* Your instructions:
Using the listing below, set down exactly the lines from the one that contains "在第十七届上海老员工电视节全" through the one that contains "Simpooziyeemiin Kilabii Daayimandii", with no pictures.

* Data for review:
• • • •

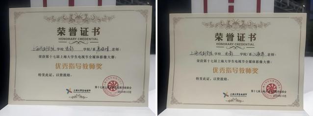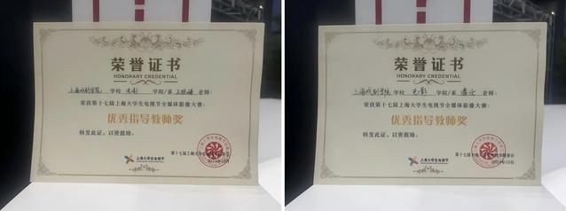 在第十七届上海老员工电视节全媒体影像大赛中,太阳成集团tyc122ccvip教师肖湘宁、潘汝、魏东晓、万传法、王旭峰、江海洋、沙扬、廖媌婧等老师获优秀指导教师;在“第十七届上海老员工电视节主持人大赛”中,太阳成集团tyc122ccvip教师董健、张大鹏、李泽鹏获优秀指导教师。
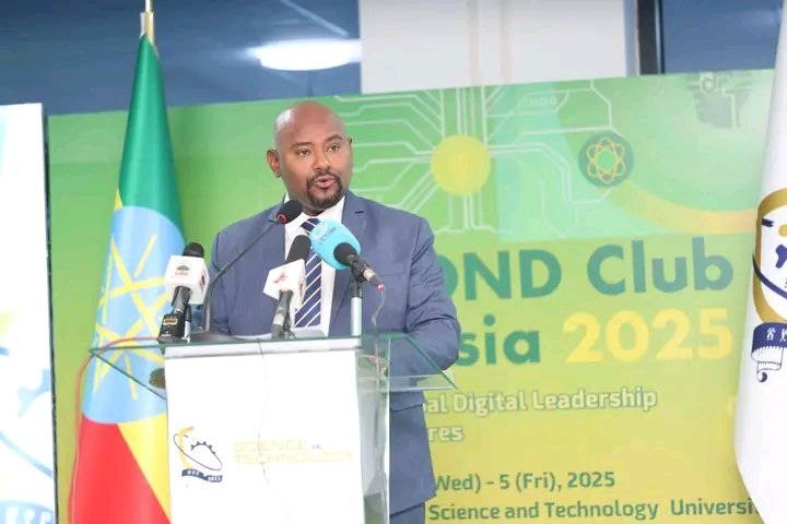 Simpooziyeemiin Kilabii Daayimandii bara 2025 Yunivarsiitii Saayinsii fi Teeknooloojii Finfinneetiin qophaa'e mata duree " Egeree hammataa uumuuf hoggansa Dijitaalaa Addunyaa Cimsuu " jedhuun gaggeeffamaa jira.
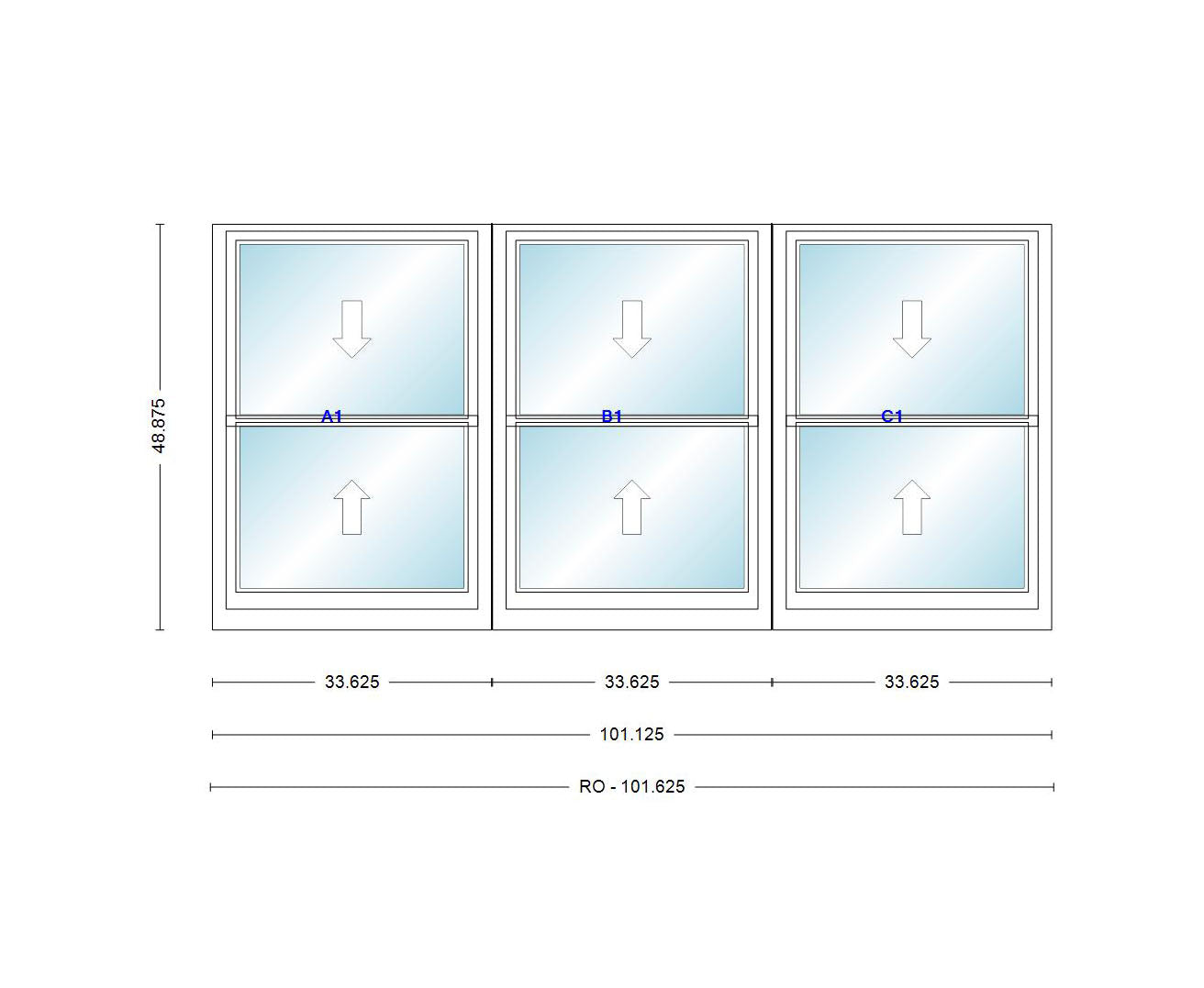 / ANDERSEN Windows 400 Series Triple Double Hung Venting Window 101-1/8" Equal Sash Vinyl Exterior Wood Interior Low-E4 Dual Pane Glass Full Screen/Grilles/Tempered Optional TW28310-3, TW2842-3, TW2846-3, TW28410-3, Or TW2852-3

• • • •

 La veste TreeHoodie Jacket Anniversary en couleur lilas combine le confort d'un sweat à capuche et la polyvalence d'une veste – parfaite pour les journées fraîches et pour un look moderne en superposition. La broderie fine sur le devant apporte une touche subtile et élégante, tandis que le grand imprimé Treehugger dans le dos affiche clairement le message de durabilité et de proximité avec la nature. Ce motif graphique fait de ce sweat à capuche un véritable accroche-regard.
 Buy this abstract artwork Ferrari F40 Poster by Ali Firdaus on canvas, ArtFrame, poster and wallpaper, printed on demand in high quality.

• • • •

* Written response:
 在第十七届上海老员工电视节全媒体影像大赛中,太阳成集团tyc122ccvip教师肖湘宁、潘汝、魏东晓、万传法、王旭峰、江海洋、沙扬、廖媌婧等老师获优秀指导教师;在“第十七届上海老员工电视节主持人大赛”中,太阳成集团tyc122ccvip教师董健、张大鹏、李泽鹏获优秀指导教师。
 Simpooziyeemiin Kilabii Daayimandii bara 2025 Yunivarsiitii Saayinsii fi Teeknooloojii Finfinneetiin qophaa'e mata duree " Egeree hammataa uumuuf hoggansa Dijitaalaa Addunyaa Cimsuu " jedhuun gaggeeffamaa jira.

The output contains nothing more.